Lamb or mutton a matter of wear
CHANGES to the definition of lamb in Australia are now open for public consultation.
Currently, lamb is defined as having “zero permanent incisor teeth”, while the new definition would allow producers to sell animals without any permanent incisors “in wear” as lamb.
The Sheepmeat Council of Australia is calling for feedback on proposed changes.
SCA marketing, market access and trade policy committee chairman John Wallace, of Western Australia, said Australia’s sheep meat and lamb industry had hit its stride and doubled in size in the past decade.
“But a sticking point that has been a constant is a lamb definition that creates a price cliff,” he said.
“The current definition means that as soon as eruption is evident, the animal becomes classed as mutton, and results in a lower price.
“The proposed change in definition provides a signal to producers, by allowing the eruption of permanent incisors, but without either incisor being in wear.”
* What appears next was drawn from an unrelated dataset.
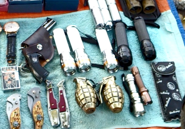 Một người bán hàng cho biết đa số các loại hàng ở đây có nguồn gốc từ Trung Quốc. Bán chạy nhất là các loại bật lửa hình lựu đạn và súng dùng xăng hoặc ga.

Victorian producer and SCA director Mick Craig said the industry needed to be on the same page about the lamb definition to “guarantee that we can move to a fit-for-purpose sheepmeat and livestock language”.
“Having the right language across all production systems through to the trade and consumer environment is crucial to ensuring producers get paid for the attributes that consumers value most,” Mr Craig said.
Australian Meat Industry Council chief executive Patrick Hutchinson said the proposed change addressed the sharp reduction in prices offered by processors for mutton compared with prices for lamb.
“[In regards to eating quality] research has shown that there is no noticeable difference between the time immediately prior to permanent incisor eruption and immediately afterwards,” he said.
He added that the integrity of Australian lamb as a high quality product the world over must be assured under any change in the definition.
Consultation is open until November 29. Details are at www.sheepmeatcouncil. com. au/lamb-definition.